Eventually the recursion gets too deep, and it fails with a stack overflow; for me this happens in name_list_pos (mad_name.c:187), which reads int mid = (low + high) / 2;. A backtrace after failure reveals a very long cycle of get_node_pos -> hidden_node_pos. This basically means that the maximum level of recursion is undefined (but in the many 10000s, judging from the depth of the backtrace, which is 80'593 calls deep).

A solution could be something like counting the level of recursion (with the counter set to 0 from the explicitly USE'd sequence), and exit with an error if the depth of sub-sequencing becomes greater than some arbitrary assumed-safe limit.

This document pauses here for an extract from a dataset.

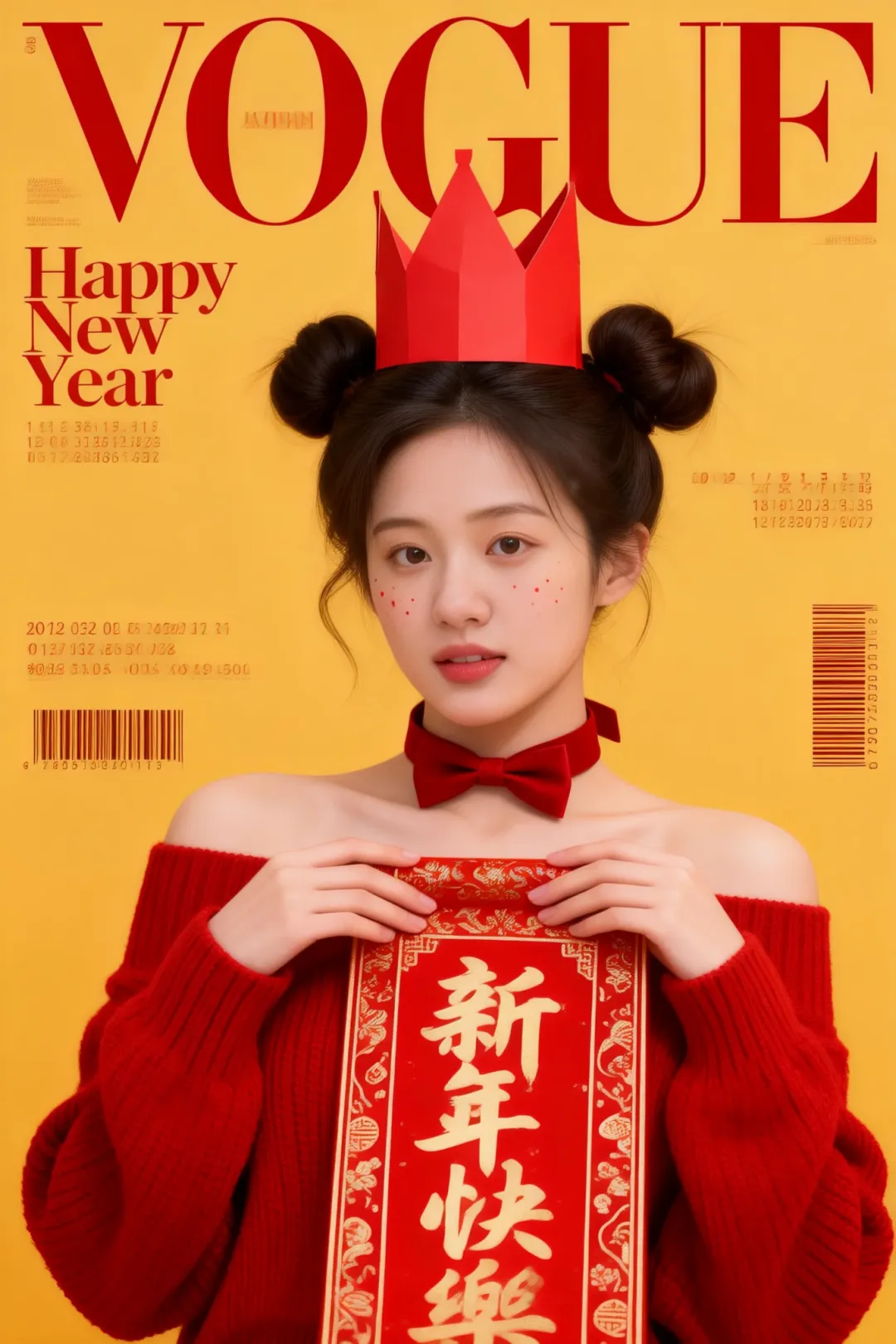 手中捧着红底金纹的“新年快乐”卷轴。采用暖黄色底色,顶部有大号红色 “VOGUE”字样,周围还点缀了“Happy New Year”“数字编码”“条形码”等杂志风格元素。

In general I try to always report/fix segfaults, even when caused by "malicious" user input, since they can often also be triggered in other ways that are not as easy to debug, and since they may not even cause the program to crash but can cause slightly but significantly incorrect output. It's not so easy to know if a given sefault is one that could cause something like this without actually diagnosing it - and the diagnosis is usually most of the work of the fix so even if it's a "safe" segfault (like this one seems to be) its better to just fix it than to leave it to be discovered and re-diagnosed at a later point in time.